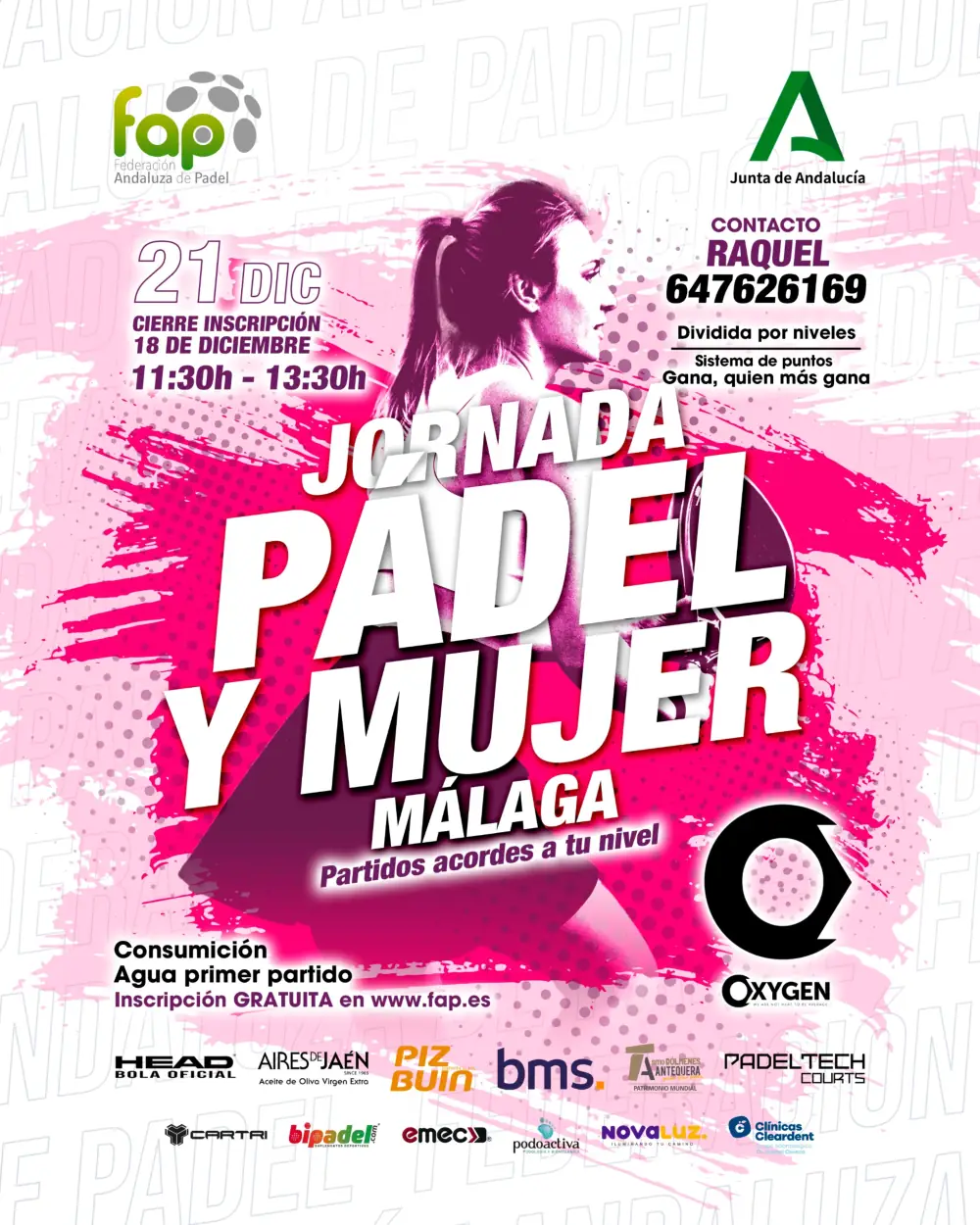 En Málaga, las instalaciones del club Oxygen albergarán la Jornada Pádel y Mujer. Será el 21 de diciembre, de 11.30h a 13.30h. El cierre de inscripción es el 18 de diciembre.
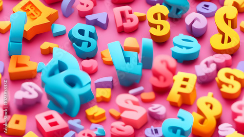 © GG Kenji, Obraz premium 3D Cartoon Seamless Tile Pattern with Animated Currency Symbols and Discount Signs for Dynamic Business Advertising Backgrounds
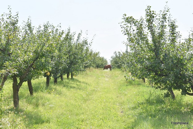Le cheval d'un employé pâture entre les arbres fruitiers.
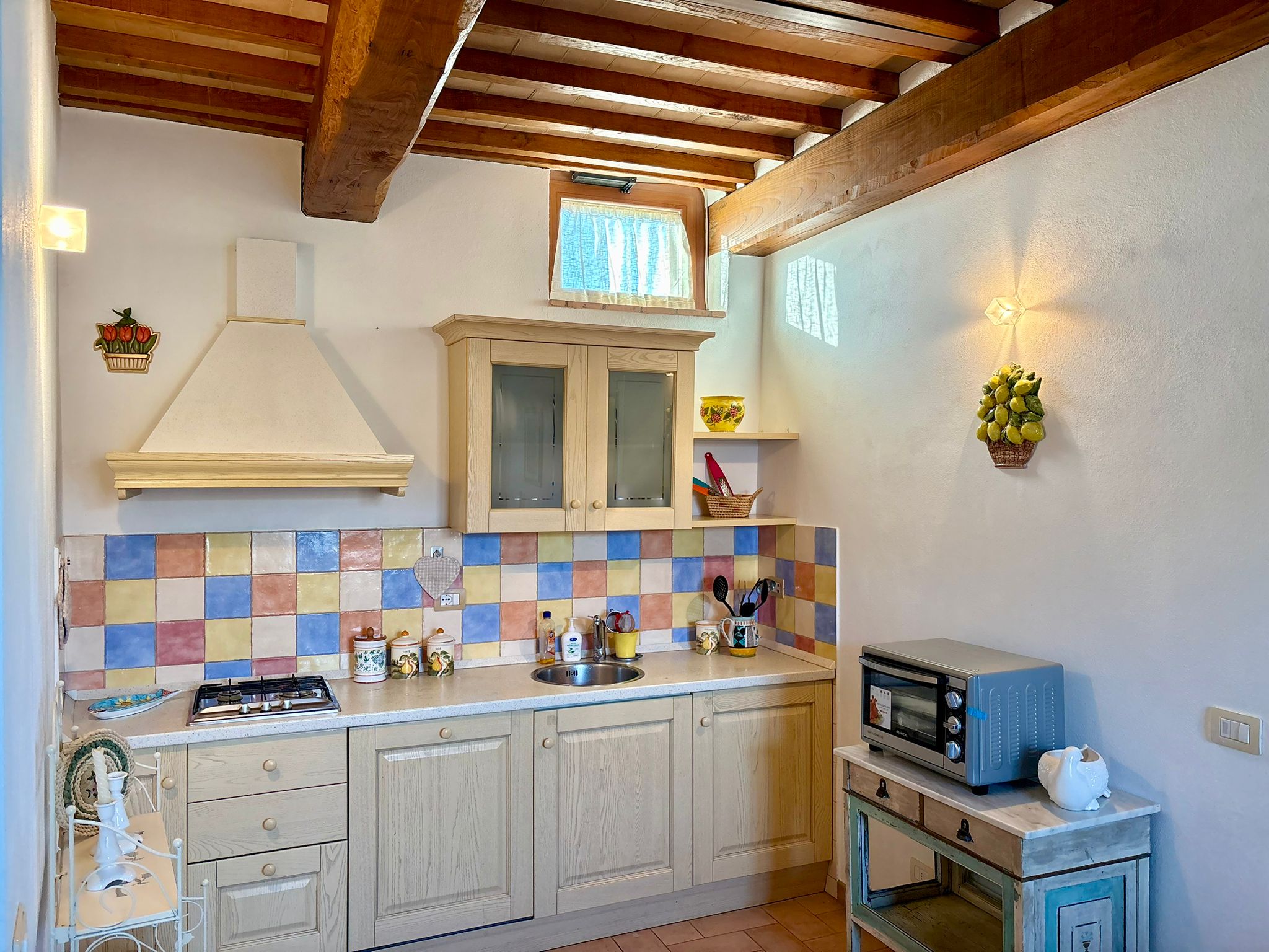 The spaces flow seamlessly between the intimate master bedroom, where the silence of ancient stone walls guarantees a regenerative rest, and the bright living area that opens onto the poetic landscape of the Val d’Orcia. The residence is completed by a private kitchen, where functionality meets a refined and welcoming aesthetic.

* _Brief_: Retype precisely, and only, the lines from the one holding "Le cheval d'un" through the final line of the data above, with the pictures omitted.

* _Written answer_:
Le cheval d'un employé pâture entre les arbres fruitiers.
 The spaces flow seamlessly between the intimate master bedroom, where the silence of ancient stone walls guarantees a regenerative rest, and the bright living area that opens onto the poetic landscape of the Val d’Orcia. The residence is completed by a private kitchen, where functionality meets a refined and welcoming aesthetic.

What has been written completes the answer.